John Farrow introduced our guest speaker, Gavin Hutchison, who was here to speak with us about climate change.  Gavin has an engineering background and got inspired to be involved with spreading the word about climate change after reading the book,  The Weather Makers.   He was trained by Al Gore in 2012 on how to present on the topic of climate change.
 
So, why is our planet not a cold rock, like our moon?  It’s our atmosphere that provides a stable temperature, evaporation, precipitation and photosynthesis.  The stable temperature comes from the Greenhouse Effect.

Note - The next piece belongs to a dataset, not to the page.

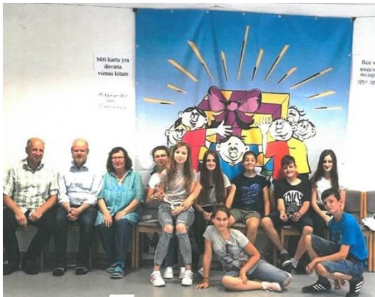
Teilnehmerinnen und Teilnehmer der RKW in Roßbach

In den letzten Jahrzeiten wurden in gemeinsamer Zusammenarbeit zahlreiche Sozial-, Bildungs- und Jugendprojekte in beiden Ländern umgesetzt. Hierzu kann man die erfolgreichen katholischen Kinderbibelwochen in Roßbach erwähnen.

The sun’s rays warm the earth’s surface and our atmosphere hangs on to some of that heat for us.  Adding greenhouse gases like CO2 is like adding a second ‘blanket’ and causes more heat to be trapped and held on to in the atmosphere.  As a result, the earth’s temperature is increasing.  In 1988, it was reported that we’d already pushed the earth to its temperature variability limit, and should expect extreme weather events.
 
The last 3 decades have seen highest temperature increases, and the last 5 years on average have been the hottest on record.  224 locations around the world set all time heat records in 2018.  The oceans of the world are moderating the extreme temperatures – one of the consequences is an increase in hurricanes and their intensity.  The cost of the losses from extreme weather events in the last 2 years is $653 Billion.  Gavin ran us through a series of slides that, when presented on after another, made us realize just how many floods, droughts, fires, and hurricanes have been piling up, one one top of another, for many years.
 
So, what do we do?   The Paris Climate Agreement of 2015 pointed the way.  The long term goal is to decrease global average temps to below industrialized levels.  This will be done by reducing carbon dioxide emission levels – down 50% by 2030 and 100% by 2040.  Canada will probably not meet our modest commitments of the Paris Accords.  Countries like Scotland have already met theirs. Transportation is the largest source of emissions in Ontario and we all need to be driving electric cars!  Tesla has announced electric semis for next year, which could significantly lower emissions, because we transport so many goods by truck. Buildings are another big source of emissions because of heat loss – insulate, insulate, insulate and switch to heat pumps!  This has an immediate positive impact.
 
What can we do besides this? Speak up!  Buy an electric car; eat less meat; make your home and business more energy efficient; buy a smaller car; buy a plug-in hybrid vehicle; buy a battery electric vehicle;  let our politicians know this matters!
 
Canadians are very high emitters among the countries of the world.  Europe, China and India are moving much more quickly than we are in North America.  The time to act is not now, it has already past.  We can't afford to wait any longer.
 
You are welcome to join 350Kingston.org.  Join the Friday climate change demonstrations at city hall.  For more info, go to ClimateRealityProject.org
 
Ed Thompson thanked Gavin for his very informative presentation.